Pepsico (PEP, $73.06, up $0.40)

October 75 calls (PEP121020C00075000, $0.55, up $0.10)

Entry Price:  $0.50 (8/16/12)

Exit Target:  $1.00
Return:  10%
Stop Target:  None

Action:  The close back above $73 on Friday was bullish and we are still looking for a run to $80 over the next few months if the market remains bullish.  We may exit the trade on any weakness or on a drop below $72. 

Veeco Instruments (VECO, $33.02, down $0.18)

September 30 puts (VECO120922P00030000, $0.70, up $0.05)

Entry Price:  $0.90 (8/2/12)

Exit Target:  $1.35-$1.80
Return:  -22%
Stop Target:  None

Action:  We got into this trade at the beginning of the month when shares were on the verge of dropping below $34.  The back test to $38 wasn’t fun but we finally got our break below $34 last week.  We would like to see a close below $32 this week which should get $30 and the 200-day MA in play.



Other 2012 Portfolio OPEN positions (5):  These are trades that are still open in the portfolio but are down over 50%.  They have longer expiration dates and are on “hold” but are not worth mentioning until they turn around.  This means we would not open any new positions.  We are still keeping track of the trades and we will record the results, accordingly, when we close them or if the options expire.  Click on the 2012 Portfolio link in the Members Area to view ALL open/ closed trades.


Dow Jones Industrial Average Spiders September 119 puts (from July 2012)

S&P 500 Spiders September 123 puts (from July 2012)

Wynn Resorts September 80 puts (from August 2012)  

Apollo Group September 24 puts (from August 2012)

Bank of America January 12.50 calls 2013 (from March 2012)

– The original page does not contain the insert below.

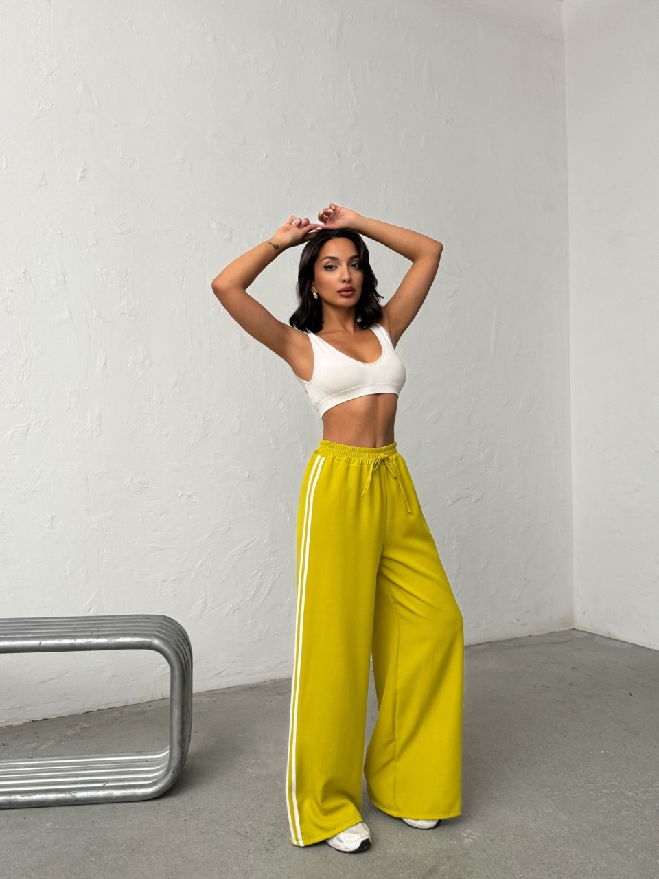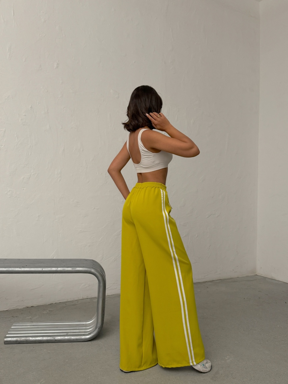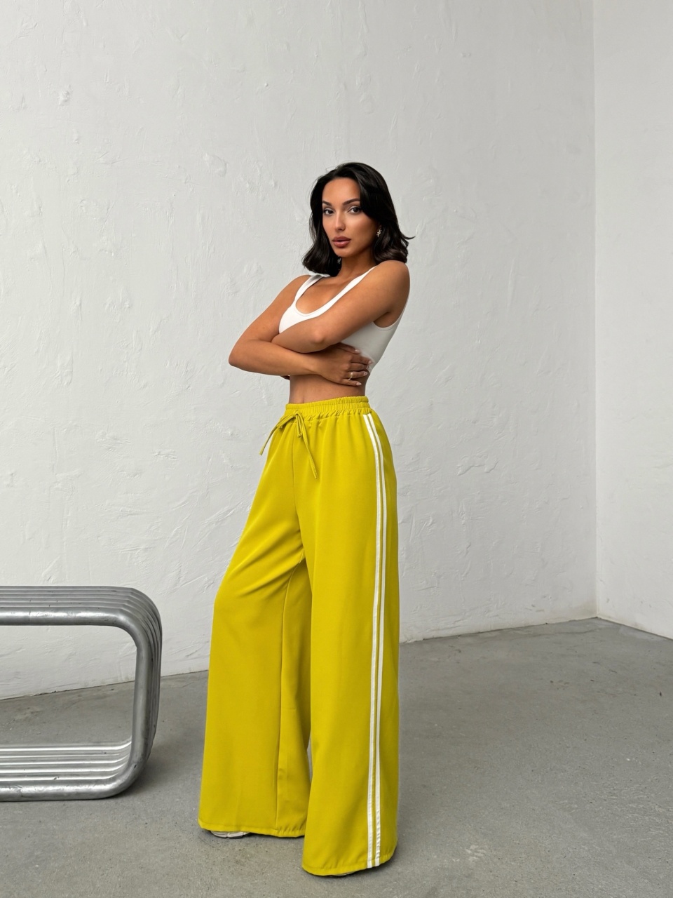 Pantaloni evazati cu detaliu dungi

These trades are NOT recommendations.  They are trades that we like but have not added to the portfolio as an official recommendation because of market conditions or because we are waiting for better entry prices.  We try not to have more than 12-15 open trades at any one time which is why we created a Watch List.  We will not list entry prices because these stocks are on the verge of breaking out or they could sell off but these are the trades we are watching as new candidates.


AOL (AOL, $32.92, up $0.13)

September 33 calls (AOL120922C00033000, $0.80, flat)

September 32 puts (AOL120922P00032000, $0.60, down $0.10)

Thoughts:  Watch for a move below $31 to possibly play the puts while a break above $33 could be used to play another breakout.  A strangle option trade could also be created by using both options.

 Netflix (NFLX, $63.16, down $0.89)

September 72.50 calls (NFLX120922C00072500, $0.60, down $0.20)

Thoughts:  Watch for a break above $67 before going long.  A move below $62.50 would be bearish.

Fusion-io (FIO, $29.12, up $0.13)

September 32 calls (FIO120922C00032000, $0.65, down $0.05)

Thoughts:  A break above $30 might get us back in these call options to play a run to $32.  A move below $27 would be bearish.

Broadcom (BRCM, $35.35, up $0.14)

September 36 calls (BRCM120922C00036000, $0.70, up $0.05)

September 33 puts (BRCM120922P00032000, $0.40, down $0.05)

Thoughts:  The 52-week high is $39.66.  We would wait until shares clear $36 before going long and on a break below $34 we might look to go short.

Akamai Technologies (AKAM, $37.10, down $0.03)

September 38 calls (AKAM120922C00038000, $0.90, flat)

November 45 calls (AKAM121117C00045000, $0.70, flat)

January 45 calls (AKAM130119C00045000, $1.25, flat)

Action:  A close below $37 would be bearish and could get $35 in play while a break above $38-$39 could send shares into blue-sky territory.